Все обернулись в ту сторону, откуда показался Теймураз Давыдович, величественно шедший в сопровождении своей свиты и царевича Николая.
В Грановитой палате, куда ввели грузинского царя, стояло у стен до пятисот сановников и длиннобородых седых гостей в богатейших одеяниях. Огромная палата сияла, как сказочный чертог, богатством и роскошью. Тут все щеголяло парчами, атласами, шелками, соболями, дорогими и редкими вещами, которые выставлялись напоказ гостям и возвращались после службы в дворцовые кладовые вместе с бесценною утварью.
На окне, на золотном бархате, стояло четверо серебряных часов; у того же окна стоял серебряный шандал; на другом окне — большой серебряник с лоханью; по сторонам — высокие рассольники; на третьем окне, на золотном бархате, стояли еще большой серебряный рассольник да бочка серебряная, позолоченная, мерою в ведро.
На рундуке, против государева места, и на ступенях были постланы ковры; около стола стоял поставец, на нем были расставлены сосуды: золотые, серебряные, сердоликовые, хрустальные и яшмовые. Вокруг разукрашенного престола, на котором восседал царь, размещались большие иконы, держава цельного золота, такой же посох царя и вызолоченная лохань с рукомойником и полотенцем. Царь, восседая на престоле во время приема иностранных послов, давал послу целовать свою руку, потом омывал ее и, посидевши молча, приглашал гостя к обеду, а сам величаво удалялся.

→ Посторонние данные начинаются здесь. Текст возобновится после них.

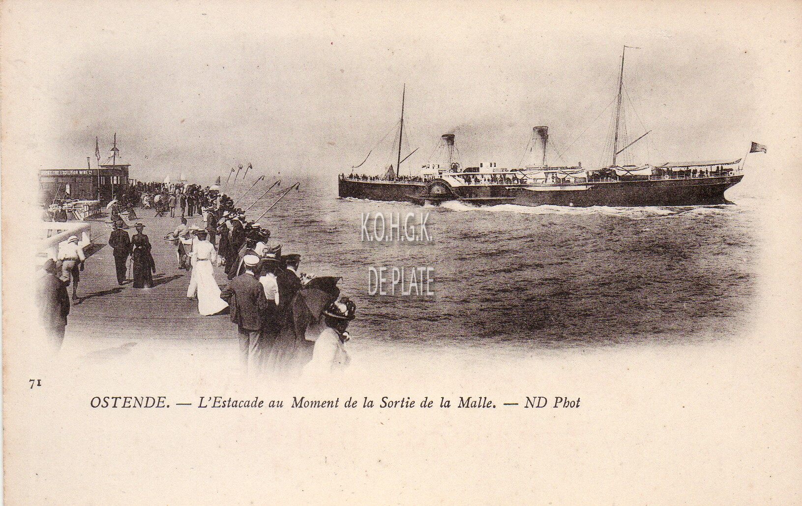 [Neurdein], ND Phot., N° 71. - Ostende - L'Estacade au Moment de la Sortie de la Malle. - We zien vanaf het Weststaketsel een pakketboot van de Oostende Dover lijn de haven verlaten. "'t Koptje van 't hoofd", of het einde van het staketsel met een paviljoentje, waar je een drankje kon nuttigen en genieten van de gezonde zeelucht. Met een kruisnet kon je proberen een krabbetje of visje te verschalken. Oostende in de Belle Epoque.

Когда Теймураз вошел в Грановитую палату, Алексей Михайлович уже сидел на троне. Он приветливо встретил грузинского царя, дал послам целовать свою руку, потом всех пригласил сесть к столу.
Царь из своих рук посылал гостю яства, и тот, по обычаю, должен был вставать и кланяться. Теймураза утомляла эта церемония, и он с тоской поглядывал на своего высокого хозяина. Его наблюдательный взор заметил, что всегда безмятежное лицо Тишайшего покрыто нынче облаком грусти, а в голубых глазах вспыхивала тревога, когда он обводил взглядом толпу бояр; какая–то горькая улыбка блуждала на его полных губах, и он рассеянно отвечал на вопросы сидевших близ него Нащокина и Ртищева. Видимо, царь был озабочен и невесел.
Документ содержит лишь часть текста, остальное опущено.